Addressing the Increasing Needs of Third-Party Risk Management (TPRM)

Rob Bowman

Third Party Risk Management (TPRM) refers to the process of identifying, assessing, and mitigating risks associated with third parties – entities that provide services or products but are not directly part of the organization.  A third party is an entity that provides a product or service directly to your customers and/or an entity critical to maintaining your daily operations. Third parties are people, organizations, and information systems with whom your company has a direct relationship. They are entities on whom your data’s confidentiality, integrity, or availability relies but are not your employees or customers.

The risks third-party entities pose to the organization can include operational, financial, reputational, and compliance risks.  Every business with third-party vendors should define a TPRM strategy. TPRM involves continuously finding, assessing, and controlling the risks associated with external partnerships to ensure they don’t cause more harm than good. An iterative approach that gathers information throughout the relationships with third parties is highly recommended. Three key strategies are recommended to manage third-party risk better:   

  1. Leveraging internal risk management expertise
  2. Creating a standard risk management framework
  3. Highlighting areas of low visibility

Some common examples of third parties that require risk management include:

  • Contract developers who help build your application
  • Open-source developers whose projects you incorporate into your product
  • Other software vendors your organization uses
  • Partners
  • Consultants
  • Vendors
  • Suppliers

Organizations are experiencing a surge in their exposure to third-party risk
A data breach resulting from an unmanaged third-party risk can have lasting repercussions in every aspect of your business. Some of the risks you must consider include risks to reputation, operation, morale, credit, and compliance. In the 2022 Gartner Enterprise Risk Management (ERM) Survey on Third-Party Risk, risk leaders said their organizations are working with more third parties (68%), relying more on those third parties (65%), and using third parties for a greater array of services (54%) than they were just a few short years ago. These organizations are also navigating an unprecedented period of simultaneous major disruptions, which include supply chain disruption, Russia’s invasion of Ukraine, and cybercrime. These disruptions continue to have massive, cascading effects across organizations’ third-party networks.

TPRM has unique characteristics
Business risks come in many forms. Third-Party Risk Management (TPRM) and outsourcing have emerged as critical components that demand strategic attention in every organization. Third-party risk management is about more than any specific type of risk, such as cybersecurity. Almost all companies today have supply chains and depend upon some third parties to do business. Most enterprise risks have a single risk owner, but because TPRM is so vast and varied, different groups and roles are responsible for different parts of the risk. This means third-party risk has no overarching owner with whom ERM can act as a thought partner. This poses a big coordination challenge. TPRM has unique characteristics because:

  1. Risk ownership is naturally distributed among many different people and functions
  2. It has many heterogeneous risks that vary greatly in importance

3. Risk issues are numerous and diverse

4. Available data is almost always point-in-time and lagged. It therefore requires different management tactics to be effective.

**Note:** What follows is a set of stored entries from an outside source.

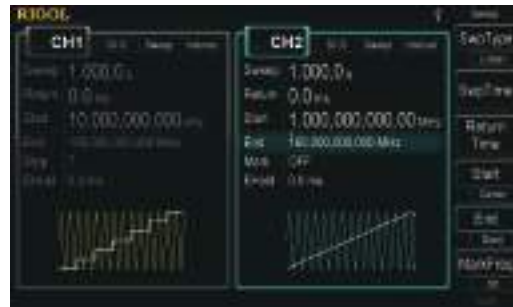
Various sweep modes
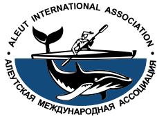
Aleut International Association
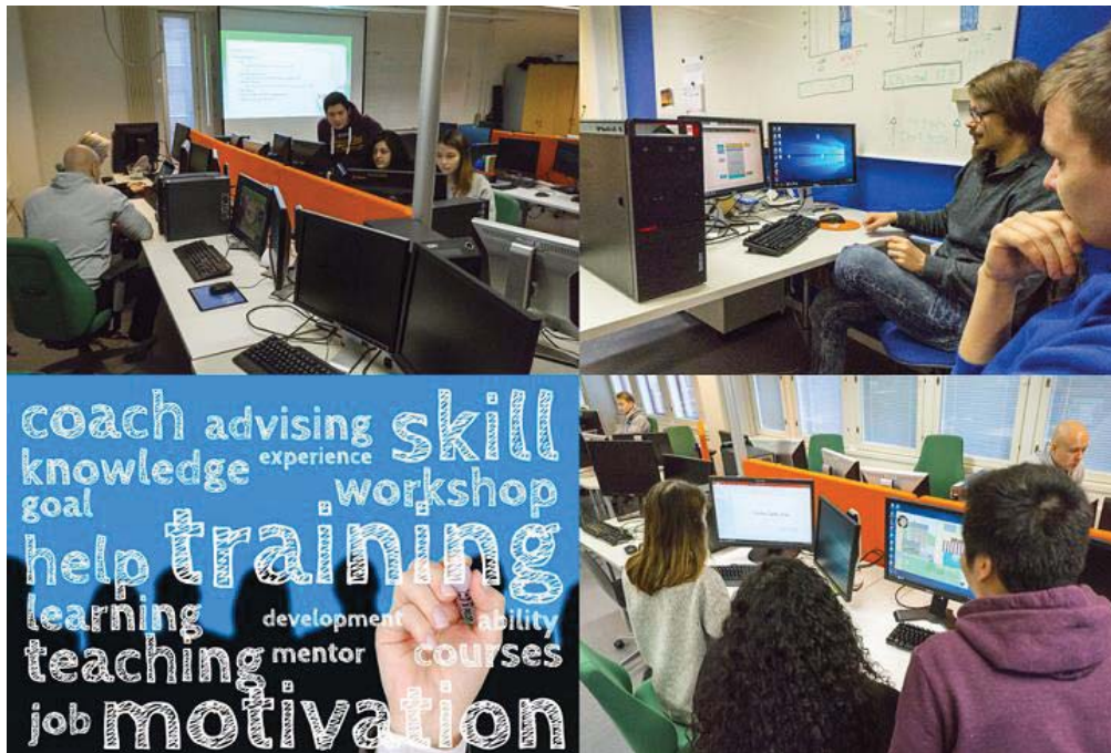
Figure 1. All of the FIRMA projects are done in groups where senior-level students mentor the junior level students.

The FIRMA participates in several externally funded R&D projects, where the focus is, for example, on digitalization of SMEs and digitalization of circular economy. The “Hot Potato” project implements 50 customer pilots with Finnish SMEs and based on the experience gained in the pilots, creates guidelines for the companies interested in digitalization, gamification and knowledge management. Pilots are focused on rapid experimenting in companies that are eager to develop their performance further, increase productivity and enhance well-being at work. Pilots are done in co-operation with 50 Finnish SMEs, TUAS and University of Turku. The project is funded by partner universities, companies and European Social Fund. (Säisä et al., 2017). The main goal of the rapid experiments in “Hot Potato” is to try something new with the customer company, and if the experiment seems fit well for its purposes, then it can be adopted into companies processes. On the other hand, if the experiment reveals that it does not fit the company’s business nor processes, it can be quickly abandoned and changed to a new rapid experiment. In some cases, instead on long-lasting planning phase, it is just good to try new process, new prototype or new service and see how it fits. The scrum methodology suits well with rapid experiment projects.

Determine Ownership of Corporate Third-Party Risk Management (TPRM)
The first step in establishing a third-party risk management program is determining which department and roles are responsible for establishing and administering your protocol. If you don’t have a risk management department —and many companies don’t—the responsibility often falls to roles like:

  • Chief Information Security Officer (CISO)  
  • Chief Technology Office (CTO)
  • Information Technology (IT)  
  • Sourcing and Procurement  
  • Contract Manager  

Other executive titles often used for company Enterprise Risk Management (ERM) roles are:

  • Chief Risk Officer (CRO)
  • Chief Financial Officer (CFO
  • Chief Audit Officer (CAO)
  • Chief Operating Officer (COO)
  • Director of Risk Management
  • Vice President of Risk Management
  • CCEO – Chief Compliance and Ethics Officer
  • Specialized titles for risk management roles: Operational Risk Manager, Compliance Risk Manager, and Cyber Risk Manager.

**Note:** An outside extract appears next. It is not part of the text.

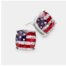
#4. Flag Stud Earrings $5.00
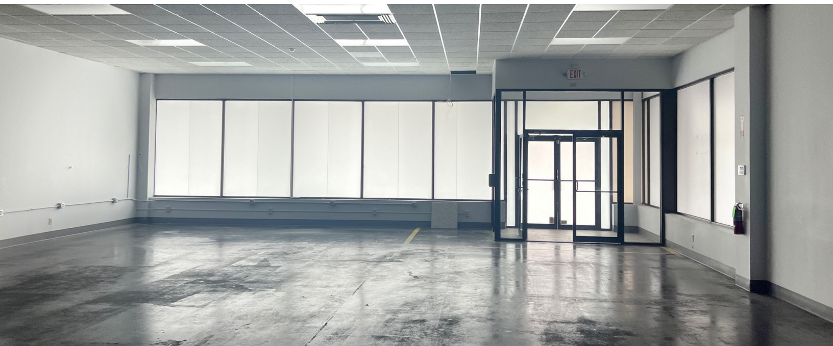
Large windows and vestibule entrance in front of the space

Once your company has determined which department and roles are responsible for establishing and administering your risk management protocol, you must develop a protocol for handling risk management. This process starts with understanding the third-party vendor management life cycle so you can systematically review the risks associated with every third party.

Define a Third-Party Risk Management Life Cycle
Developing a process for third-party risk management means defining and understanding the lifecycle of third-party relationships. While every company is different in how they approach risk management, here are some key stages of the life cycle to consider for your formal process:

  • Sourcing & Vetting
    As soon as you identify a need for a third party, make a list of all of the possible solutions, vet them, and also evaluate the potential risks.
  • Scoring the risk
    What specific risks are involved? How critical are those risks? Risk factors typically include severity and how likely a problem is to occur.
  • Performing an internal Assessment and Review
    From there, you must define what changes or considerations your organization needs to make to mitigate those risks. At this time, you also must define how frequently you need to review this vendor, and what metrics you’ll use for evaluating ongoing risk.
  • Performing ongoing risk monitoring
    For the duration of your relationship with the third party, you’ll need to conduct ongoing monitoring. Some of this will be the third-parties responsibility, but you’ll also want to pay attention to media reports, business updates, sanctions lists of an international company, breach notifications, and other various methods of gathering intelligence.  Include maintaining compliance with all applicable laws and regulations. It’s your responsibility as an organization to ensure that you are aware of all regulatory bodies and requirements your company is subject to.
  • End the third-party relationship if necessary to minimize risk
    Whether you no longer need the third party or the risk becomes too great to continue, there comes a time to end the relationship. Rather than letting it gather dust and opening yourself up to the possibility of unmonitored breaches, you must develop a specific offboarding process.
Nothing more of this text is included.